→ **Work instructions**
Using the entries that follow, transcribe only the lines from the line with "2枚目の写真は5限の対面授業" to the line with "Comes with a", both included, exactly as they stand and without pictures.

→ **Input**
──────

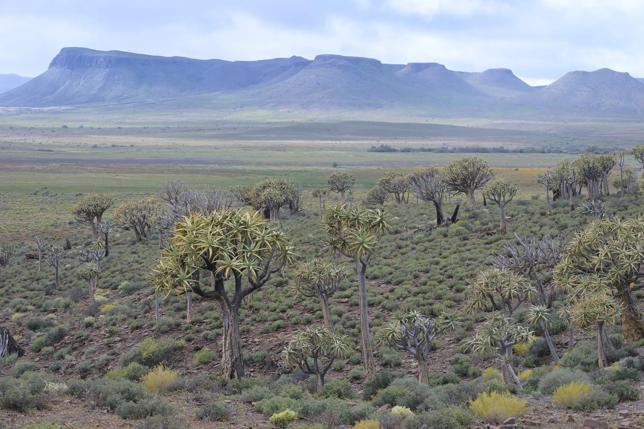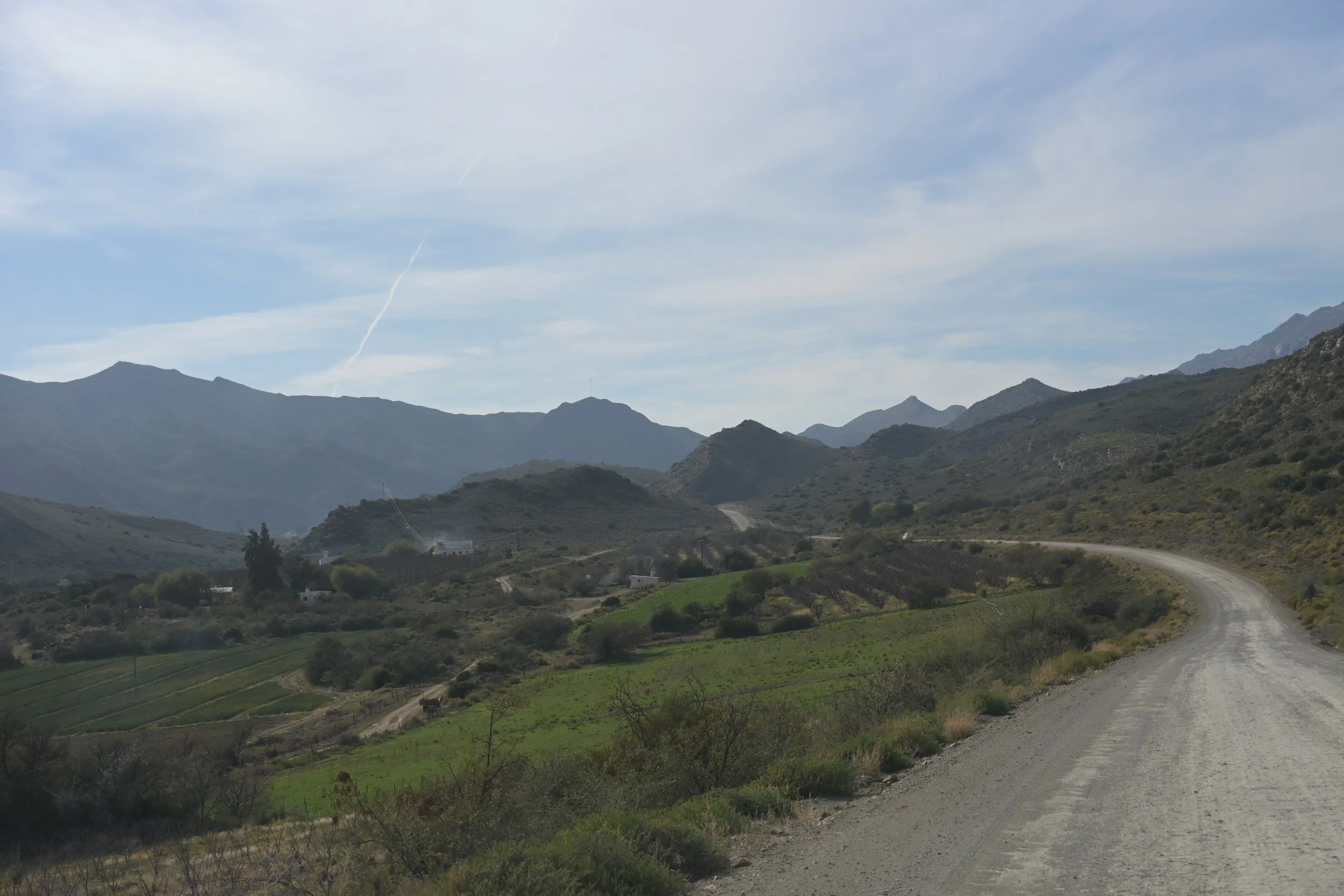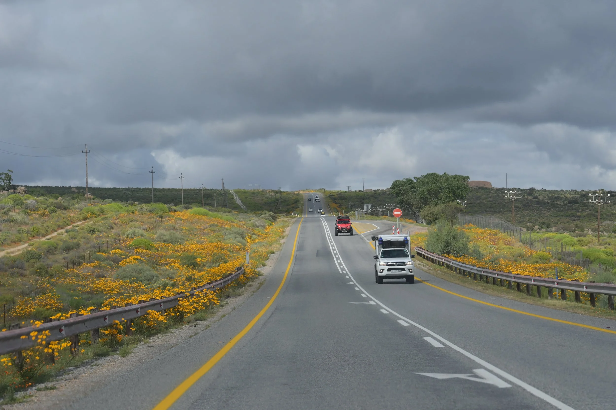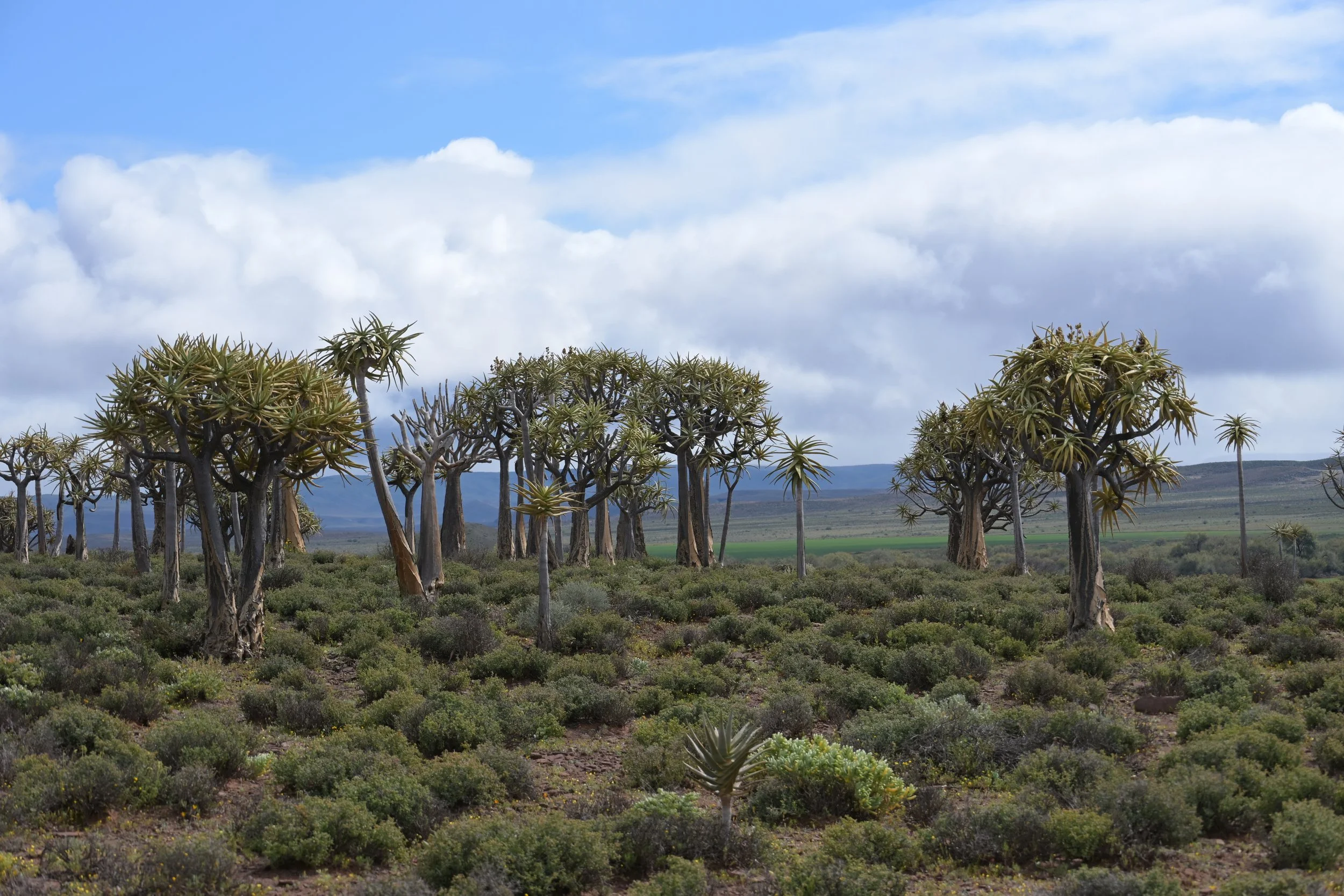 Op weg naar Nieuwoudtville. Deze streek staat bekend om de overvloed aan natuurlijke (bol)bloemenin het voorjaar. Dat is wel afhankelijk van de hoeveelheid regen die in de periode hiervoor is gevallen. Hoeveel bloemen je ziet is ook afhankelijk van de zonneschijn op die dag. Sommige bloemen openen zich alleen als de zon schijnt.
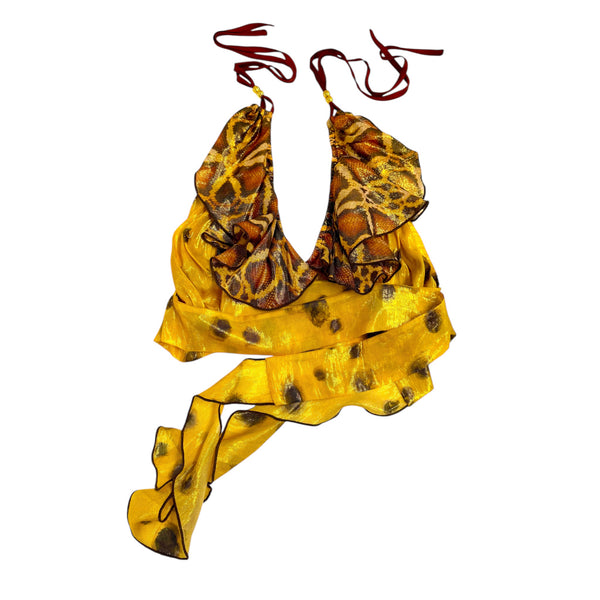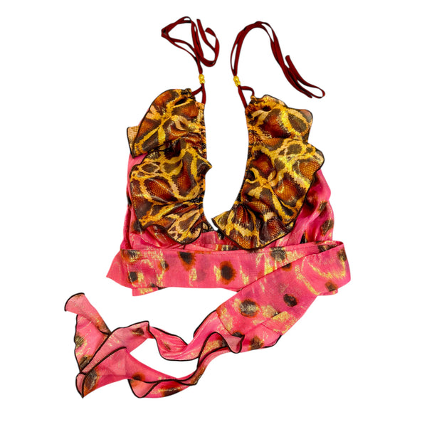 Halter neck crop top with contrast ruffle detail at V-front neckline, bare back, and sash tie
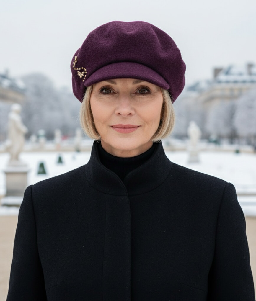 Culoarea violet inchis confera profunzime si rafinament. Este o nuanta intensa, sofisticata, care completeaza cu usurinta atat paltoanele in tonuri neutre, cat si tinutele in culori complementare. Violetul inchis inspira feminitate si stil, fiind o alegere potrivita pentru doamnele care isi doresc un accesoriu diferit, dar usor de asortat. Caciula de dama tip bereta cu cozoroc Cyprasa 6 in aceasta nuanta poate fi purtata atat in mediul urban, la birou sau la plimbari, cat si in vacantele de iarna.
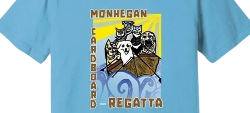 The 2026 Monhegan Cardboard Regatta will take place August 6th. Purchase this year's t-shirt (pictured here) on the island this summer!
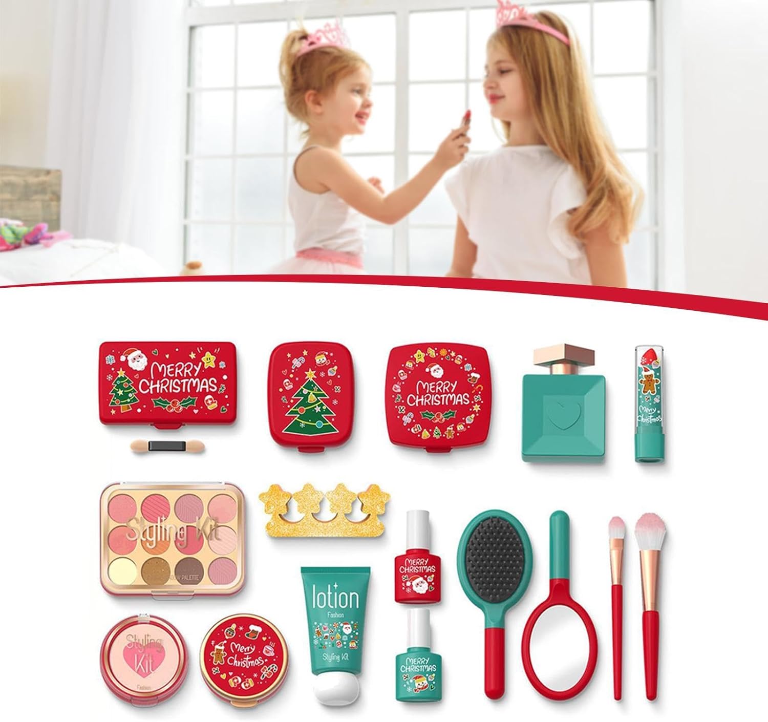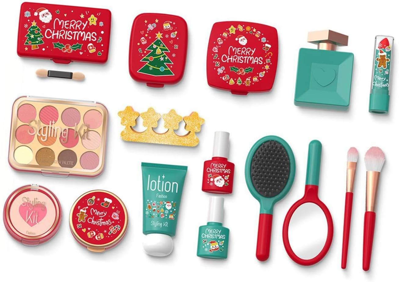 【Set di trucco natalizio festivo】: questo kit di trucco finto è progettato appositamente per i bambini, con un allegro tema natalizio e una confezione, ottimo come regalo per le vacanze e per il gioco festivo 【Design realistico】Progettato con dettagli vividi e realistici, il giocattolo per il trucco sembra un vero trucco, stimolando la creatività e l'immaginazione del tuo bambino 【Incoraggia la creatività】: giocare con kit cosmetici finti aiuta a sviluppare le capacità motorie fini, la coordinazione occhio-mano e le abilità sociali del tuo bambino attraverso giochi di ruolo e giochi interattivi 【Custodia portatile】: questo kit per il trucco finto è facile da riporre o da portare con sé per appuntamenti di gioco, viaggi o riunioni di famiglia 【Materiale】: Realizzato in PP di qualità, ogni pezzo è leggero e costruito per resistere al gioco entusiasta, garantendo durata per i bambini piccoli
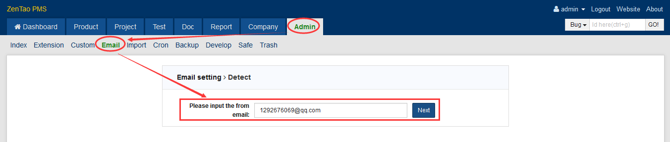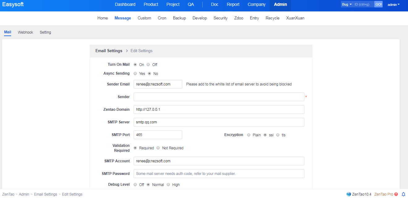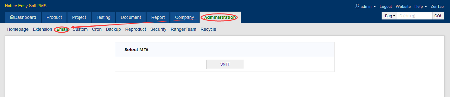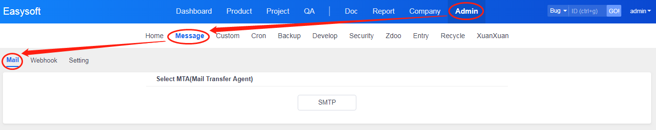 1. Log in ZenTao as an administrator.2. Click "Admin" ->"Message"->"Mail" to set up.
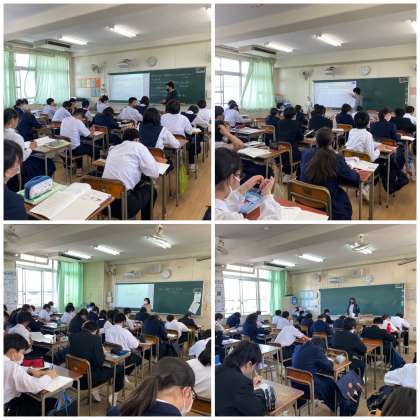 2枚目の写真は5限の対面授業の様子です。みんなの元気な声が響き渡り、積極的に授業に参加する様子がみられました。対面で一緒に授業をする時間が減るのは残念ですが、少なくなったこの2時間の対面授業を大切にし、みんなが前向きに授業に取り組んでいる姿がとてもうれしかったです。
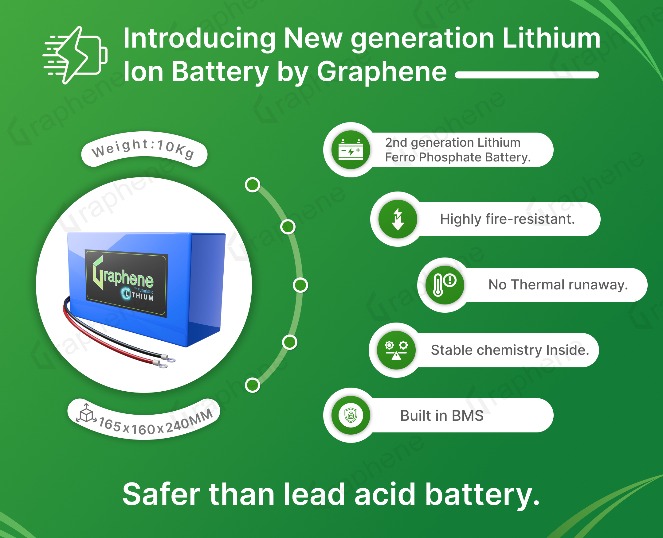 Comes with a built-in Battery Management System (BMS) that protects against overheating, overcharging, and short circuits.
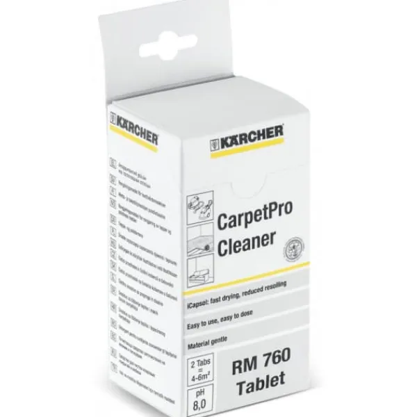 Kärcher Carpet Pro Cleaner RM 760 Tablet er et dybderensende rengøringsmiddel i tablettform, velegnet til tekstilrensere og tryksprøjter til professionelle. Den specielle indkapslingsteknologi gør det let at bruge rengøringsmidlet. Tablettet opløses hurtigt i vaskevandet. Pakken indeholder 16 tabletter. Passer til model: 1.081-220.0 Kärcher SE 6.100 tekstilrenser.

──────

→ **Solution for this problem**
 2枚目の写真は5限の対面授業の様子です。みんなの元気な声が響き渡り、積極的に授業に参加する様子がみられました。対面で一緒に授業をする時間が減るのは残念ですが、少なくなったこの2時間の対面授業を大切にし、みんなが前向きに授業に取り組んでいる姿がとてもうれしかったです。
 Comes with a built-in Battery Management System (BMS) that protects against overheating, overcharging, and short circuits.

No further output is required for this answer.